I finished The Player Of Games today, after reading it non-stop (besides working and sleeping, of course) over a day and a half. I will definitely be getting more Ian M. Banks books in the next couple of weeks, as soon as I figure out the ordering of the Culture series.
His writing has an immersive quality that is hard to pin down, but which on this book I attribute to a well-timed balance between the characters' motivations and the backdrop they move against.
Sci-Fi can be pedantic or too fuzzy at times, but I haven't seen that yet in any of Banks's books - science is hinted at, there are (obviously) aliens and spaceships involved, but it doesn't really matter - the characters and the emphasis on the game would hold the book together even if it wasn't Sci-Fi.
In the afternoon, we went to see Cars, and I rate it as utterly, utterly brilliant.
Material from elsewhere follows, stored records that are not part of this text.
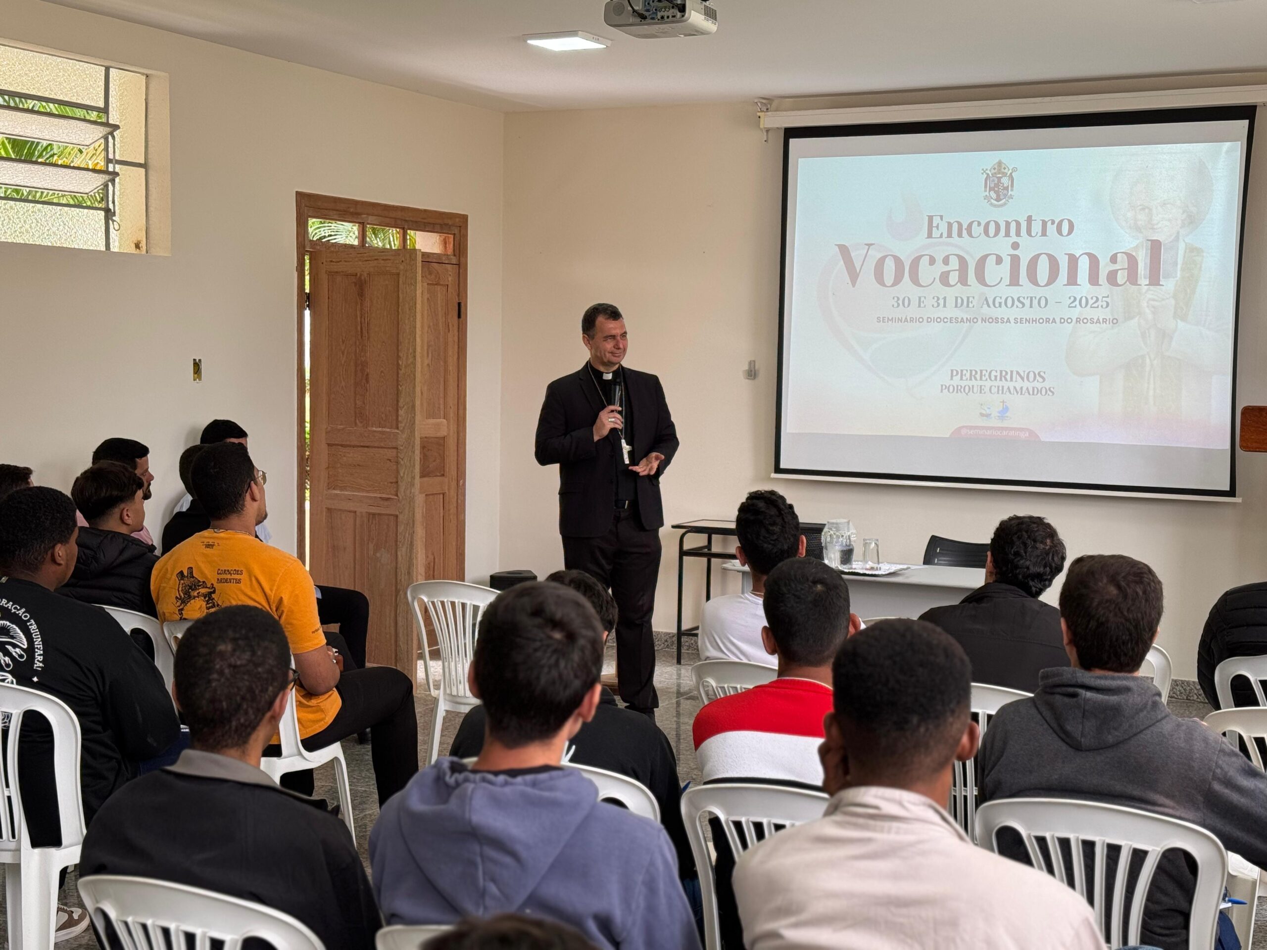 Nos dias 30 e 31 de agosto de 2025, o Seminário Diocesano de Nossa Senhora do Rosário acolheu jovens vindos de diversas paróquias da Diocese para participarem de um Encontro Vocacional. Com o tema “Vocação – Sinal de Esperança”, o evento foi especialmente voltado a rapazes que estão concluindo ou já concluíram o Ensino Médio.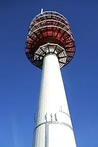 Vue en contre-plongée. On notera la présence d'antennes-relais GSM à la base de la tour.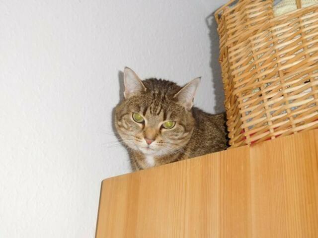 So einigten wir uns, daß sie ein neues Zuhause für mich suchte. Zufällig war die alte Katze einer Freundin meines Frauchen gerade gestorben, und sie erklärte sich bereit, mich aufzunehmen. Aber wie fremd roch das alles! Und zum Teil auch noch nach der alten Katze. Ich verkroch mich erstmal hinter die Heizung, ein Platz, der mir einigermaßen sicher schien. Meine neuen Menschen brachten mir auch mein Futter dorthin.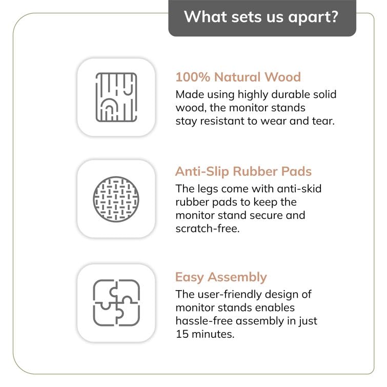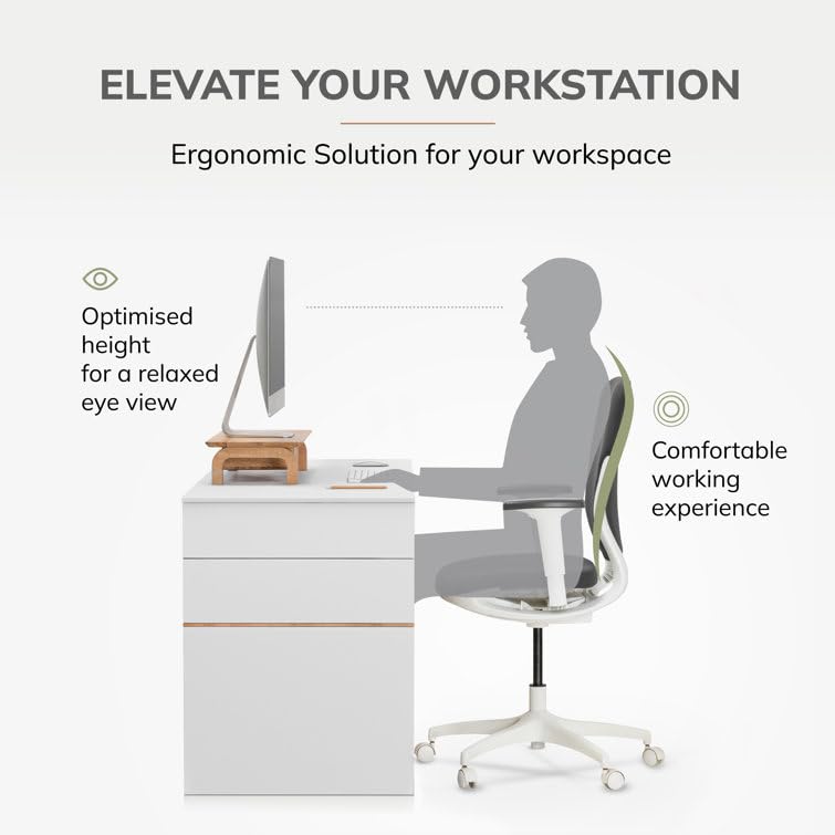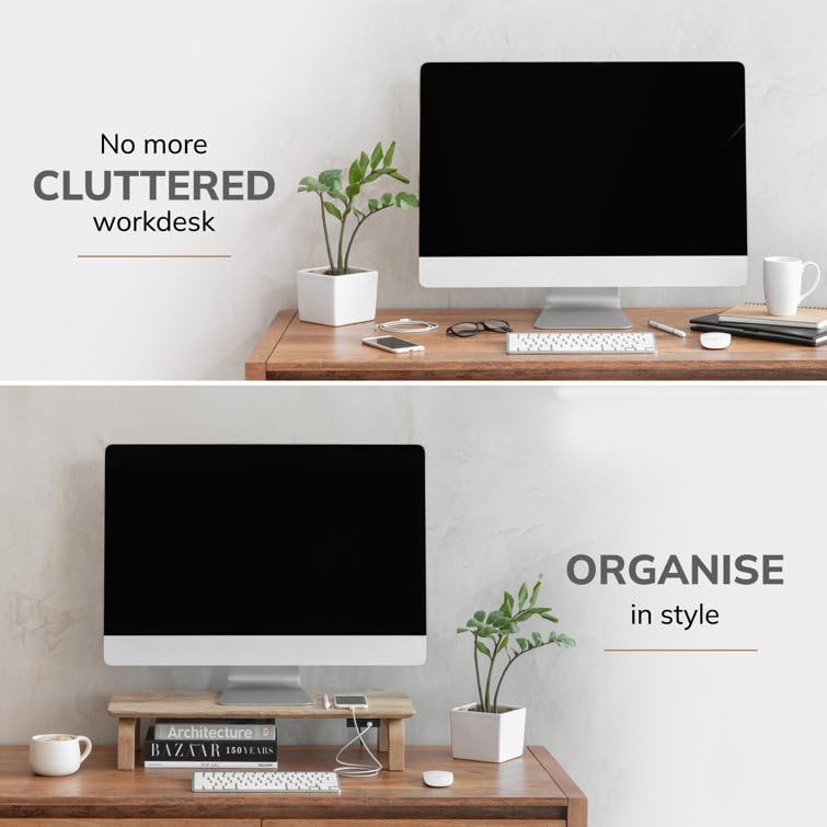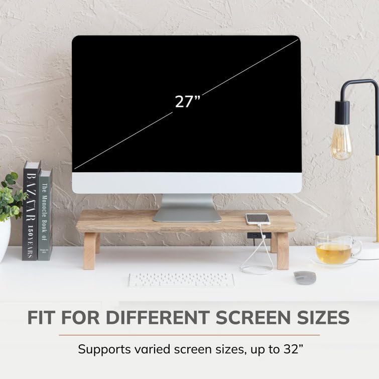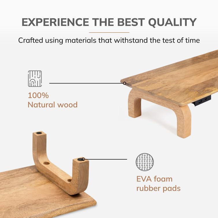 Md Decor - حامل شاشة من خشب شيشام الصلب من ام دي ديكور مع منظم تخزين للمكتب والطاولات والمكتب والمنزل والاستوديو وطاولة الدراسة | حامل شاشة مريح لسطح المكتب (طبيعي)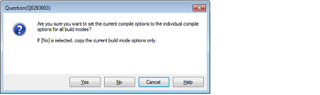 Select [Yes] in the [Set individual compile option] property in the [Build] category. The Message Dialog Box will open.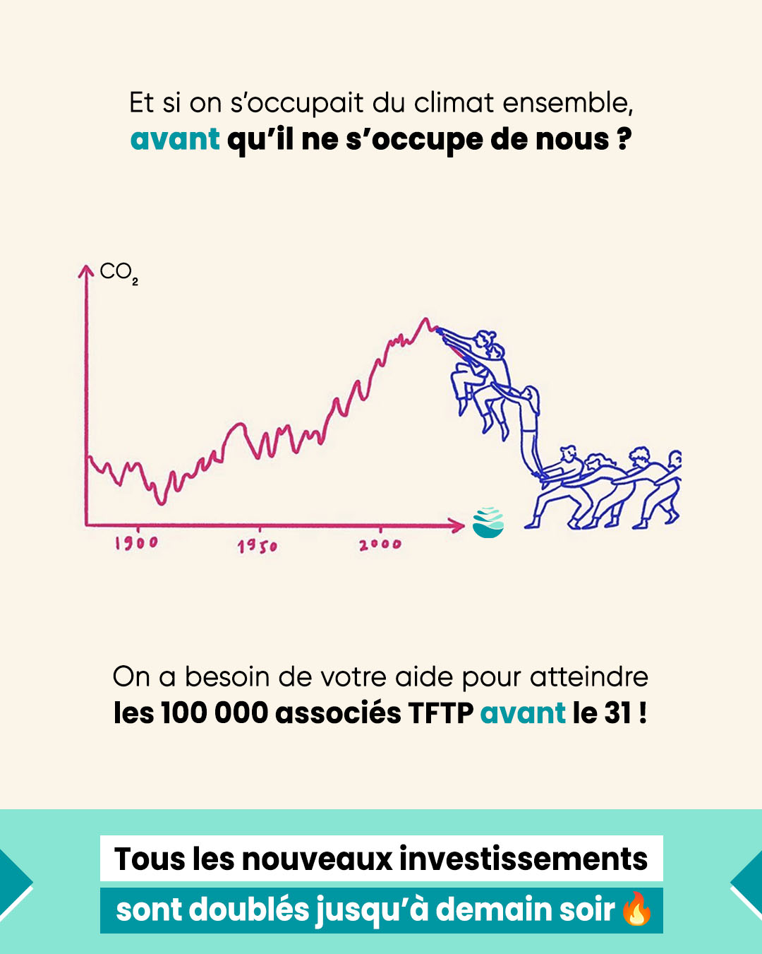 Nous essayons d’atteindre les 100 000 personnes impliquées avec Time for the Planet avant demain soir ! Il reste très peu de temps pour participer ! C’est le moment ou jamais 💚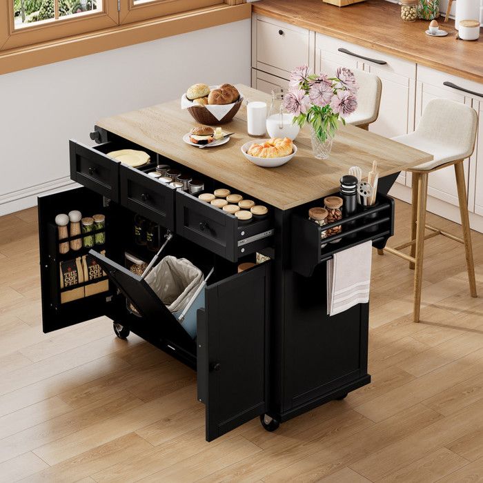 Desserte de cuisine en hévéa, ilot central cuisine avec plan de travail extensible rabattable (noir)

Besides pushing animation tech even further (the particle simulations for dust are amazingly believable), the sheer amount of detail is astounding.
The car stickers, the audience doing the "wave" with their headlights, the landscapes, the little car-shaped insects (loved the Beetle), even the cameos at the end make me want to grab the DVD as soon as it's out and watch it again and again.
Sure, the plot has a few awkward pauses, but the characters are enthralling - you quickly forget that you're watching talking cars, so good are the visual clues that anthropomorphize them.
And now, to upgrade my iMac to 10.4.7 and play around with MailTags, catch up on the iSync changes, etc.